***** GIVEN DATA *****
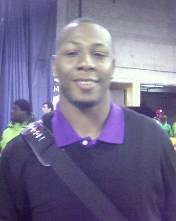 Michael Bishop (football player)
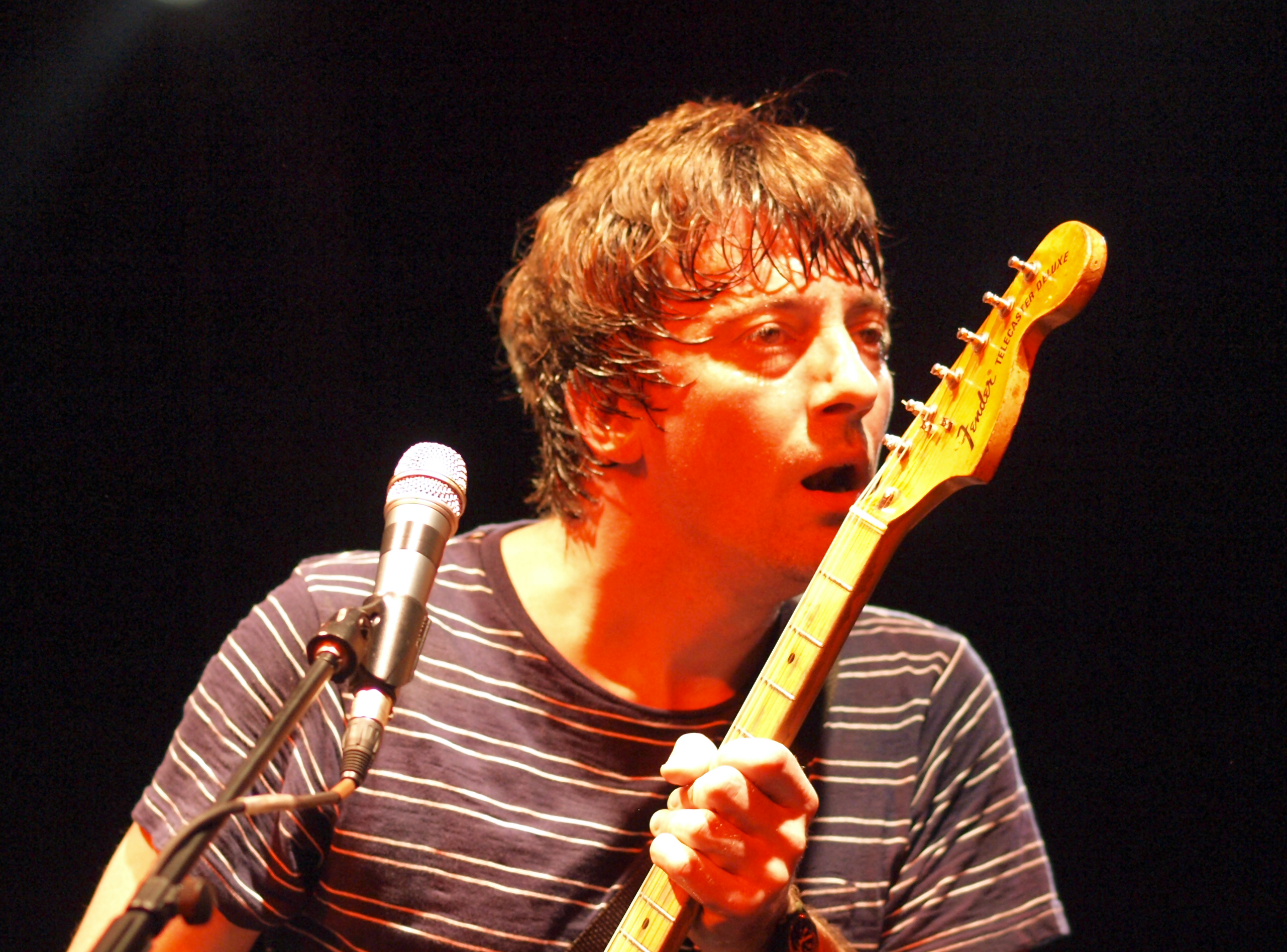 Graham Coxon @Cambridge Junction
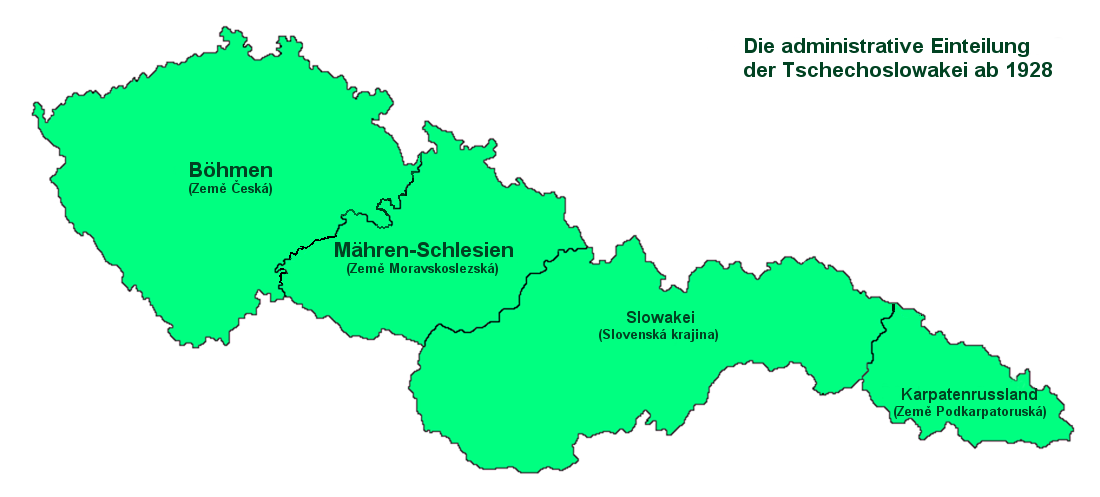 Czechoslovak administrative division 1928–1938; in german (and czech)
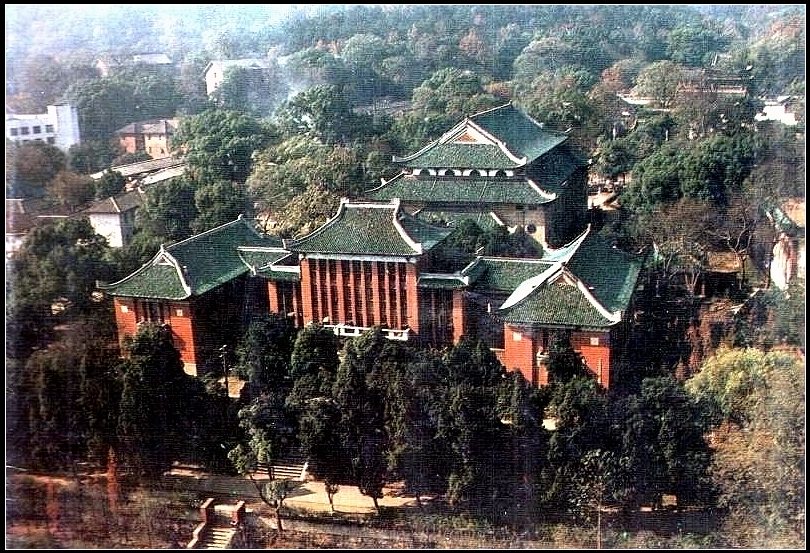 This is the aerial view of Library and Grand Auditorium at Hunan University, which were both designed by Liu Shiying, the founder of modern architectural education in China.
*****
◆ WHAT YOU HAVE TO DO
Print the material above verbatim, no images.

◆ SOLUTION TO THIS PROBLEM
 Michael Bishop (football player)
 Graham Coxon @Cambridge Junction
 Czechoslovak administrative division 1928–1938; in german (and czech)
 This is the aerial view of Library and Grand Auditorium at Hunan University, which were both designed by Liu Shiying, the founder of modern architectural education in China.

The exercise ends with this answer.